- Компания Илона Маска "Нейролинк" продемонстрировала революционную технологию подсоединения мозга к компьютеру.
- В перспективе эта технология позволит увеличить возможности человеческого интеллекта, а также лечить некоторые болезни, например эпилепсию или паралич.
- Нейротехнологии — уже давно не что-то фантастическое, а реальность, столкнуться с которой можно уже сегодня.
Сергей Медведев: Будущее, как всегда, приходит к нам от Илона Маска. В этот раз американский предприниматель и его компания "Нейролинк" продемонстрировали революционную технологию подсоединения мозга к компьютеру. Это ставит много интересных вопросов. Научится ли компьютер когда-то в будущем читать мысли человека? Можно ли будет вживить в голову человека чип и подсоединить его мозг к интернету?
Корреспондент: Один из самых амбициозных проектов Илона Маска, "Нейролинк" позволит создать эффективный интерфейс "мозг- компьютер", прямое взаимодействие мозга с электроникой. В перспективе эта технология позволит увеличить возможности человеческого интеллекта, а также лечить некоторые болезни, например эпилепсию или паралич.
Ввиду развития искусственного интеллекта и опасности, что он выйдет из-под контроля его создателей Илон Маск собирается разработать прямой интерфейс для коры мозга, который позволит людям эффективнее взаимодействовать с искусственным интеллектом, стать частью самой системы ИИ.
В коре головного мозга — сотня миллиардов нейронов и сетка электродов, считывающая электроимпульсы в 30-40 точках, что дает очень грубую картину. Одно из главных направлений "Нейролинк"— как раз создание методов, которые позволят увеличить область считывания. Нейротехнологии — уже давно не что-то фантастическое, а реальность, столкнуться с которой можно уже сегодня.

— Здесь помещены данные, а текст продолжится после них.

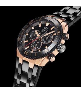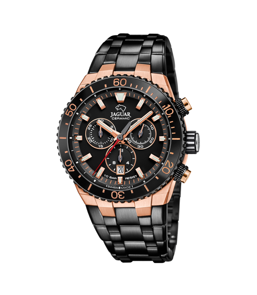 Reloj Jaguar Ceramic Negro J1023/1, analógico para hombre, con movimiento de cuarzo Suizo, 3 agujas, cronógrafo y calendario. La caja que contiene el mecanismo es de acero en color rosado, con bisel en color negro, mide 44.8 milímetros de diámetro y 12.65 mm de grosor. Los marcadores de las horas son índices en color rosado y luminiscentes. Un cristal de zafiro protege a la esfera, la cual es en color negro. Mientras, el brazalete es de acero en color negro, con cierre desplegable con tapa de seguridad. Es sumergible a 100 metros.

Сергей Медведев: У нас в гостях Александр Каплан, психофизиолог, доктор биологических наук, заведующий лабораторией нейрофизиологии, нейроинтерфейса биологического факультета МГУ, и Михаил Бурцев, руководитель лаборатории нейронных систем и глубокого обучения МФТИ и руководитель проекта iPavlov Национальной технологической инициативы. Итак, поговорим об этой новой инициативе Маска. Действительно внутрь мозга вживляются какие-то электроды, прямо шприцем?

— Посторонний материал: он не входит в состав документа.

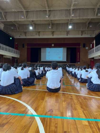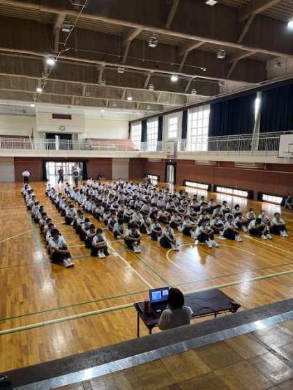 6時間目に体育館で、薬物乱用防止について、学校薬剤師さんより、危険薬物やエナジードリンク、オーバードーズについて講話していただきました。

Александр Каплан: Технология внедрения электрода человеку в мозг осуществляется уже два-три десятилетия. В мире ходят десятки тысяч людей с этими электродами. Для купирования, например, приступов эпилепсии электроды вводятся в очаг, в место, где возникает возбуждение. Электроды чувствуют наступление этого возбуждения, и через них подается ток, который их купирует. Так что в этом нет ничего удивительного. Шприцы же не для того, чтобы вводить электроды, а для того, чтобы вводить гель для электродов.
Новизна того, что сейчас предлагает Маск, в том, чтобы вводить много электродов, буквально десятки тысяч. Он со своей компанией разработал такую специальную швейную машинку для того, чтобы быстро вводить такие пакеты электродов, сразу по тысяче. Обычно это делается по ходу нейрохирургической операции, специально ради исследования это не делается. Маск еще не делал это на человеке, пока только на крысах.

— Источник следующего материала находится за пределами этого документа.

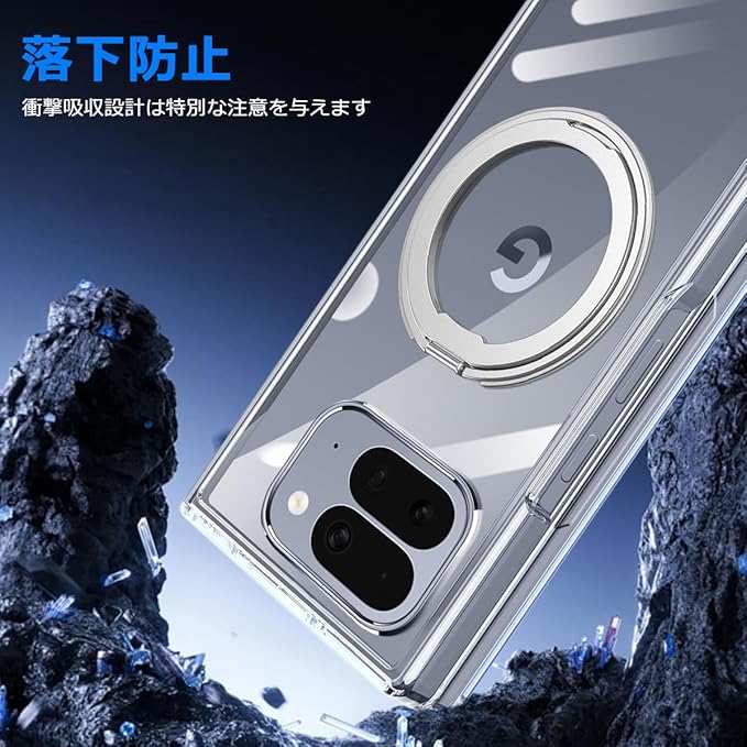 Google Pixel 10 Pro Fold ケース クリア 多機能360度回転スタンド マグネット搭載 角度調整 縦横両対応 グーグル ピクセル10 プロ フォールド カバー リング付き ケース 耐衝撃 TPU スマホケース 多機能 透明 軽量 薄型【クリア】

Михаил Бурцев: Технология действительно не очень новая, но большое число электродов — это преимущество. Маск говорит, что делает это ради того, чтобы спасти человечество. Когда возникнет искусственный интеллект, есть риски, что он может быть недружествен к человеку. Поэтому нам нужно с ним соединиться и стать его частью, тогда он по определению будет кооперативен с нами. Я думаю, для Маска это скорее некоторый ход для того, чтобы успокоить параноидальность в отношении искусственного интеллекта.
Сергей Медведев: Это, видимо, какая-то технология на очень далекое будущее: грубо говоря, подсоединить мозг человека к компьютеру?
Александр Каплан: В сюжете звучало, что речь идет о подсоединении буквально к разуму человека. Мне кажется, это неосуществимая технология. Сколько бы электродов туда ни вживлялось, мы же понимаем, что к каждому нейрону все равно не подведешь электрод, иначе начнет повреждаться нервная ткань. Коды мозга неизвестны. Буквально в каждой паре клеток пробегают нервные импульсы, которые настроились друг на друга. Как мы будем внедряться в это и понимать язык этих конкретных соединений? Мне кажется, нет теоретических перспектив в таком полном объеме осуществить с мозгом информационный контакт.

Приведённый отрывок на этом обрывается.